Data shown:
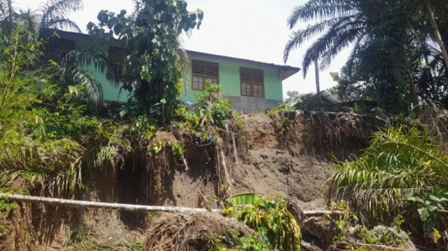 Sekolah dan rumah warga di Pasaman Barat terancam runtuh akibat abrasi sungai.
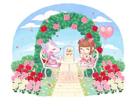2girls ^_^ animal_bag animal_crossing arch bag balloon blue_sky blunt_bangs blush box brown_hair bush cake cake_slice chair closed_eyes closed_mouth cloud commentary_request cookie cup day deer_girl diana_(animal_crossing) double_bun dress falling_petals flower food furry furry_female gift gift_box grass hair_bun hair_ornament hands_up heart_balloon holding holding_cup moai_(aoh) multiple_girls nintendo on_chair outdoors petals pink_dress pink_flower pink_rose pink_skirt puffy_short_sleeves puffy_sleeves red_flower red_rose rose shirt shoes short_hair short_sleeves sidelocks sitting skirt sky sleeveless sleeveless_dress smile stone_walkway table teacup tiered_tray villager_(animal_crossing) white_flower white_footwear white_rose white_shirt
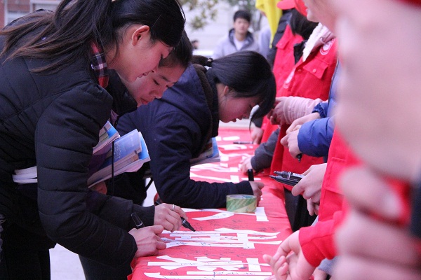 2014年3月7号中午,由汽车系团总支组织的“光盘行动  不做剩男剩女”学雷锋志愿活动在学院老食堂北门开展。
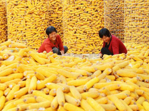 图说:资料图:2015年10月14日,河北省成安县道东堡乡化店村农民在家门口摆放玉米。新华社记者 牟宇 摄

Work task: Restate the full listing verbatim and drop every picture.

Result of this exercise:
 Sekolah dan rumah warga di Pasaman Barat terancam runtuh akibat abrasi sungai.
2girls ^_^ animal_bag animal_crossing arch bag balloon blue_sky blunt_bangs blush box brown_hair bush cake cake_slice chair closed_eyes closed_mouth cloud commentary_request cookie cup day deer_girl diana_(animal_crossing) double_bun dress falling_petals flower food furry furry_female gift gift_box grass hair_bun hair_ornament hands_up heart_balloon holding holding_cup moai_(aoh) multiple_girls nintendo on_chair outdoors petals pink_dress pink_flower pink_rose pink_skirt puffy_short_sleeves puffy_sleeves red_flower red_rose rose shirt shoes short_hair short_sleeves sidelocks sitting skirt sky sleeveless sleeveless_dress smile stone_walkway table teacup tiered_tray villager_(animal_crossing) white_flower white_footwear white_rose white_shirt
 2014年3月7号中午,由汽车系团总支组织的“光盘行动  不做剩男剩女”学雷锋志愿活动在学院老食堂北门开展。
 图说:资料图:2015年10月14日,河北省成安县道东堡乡化店村农民在家门口摆放玉米。新华社记者 牟宇 摄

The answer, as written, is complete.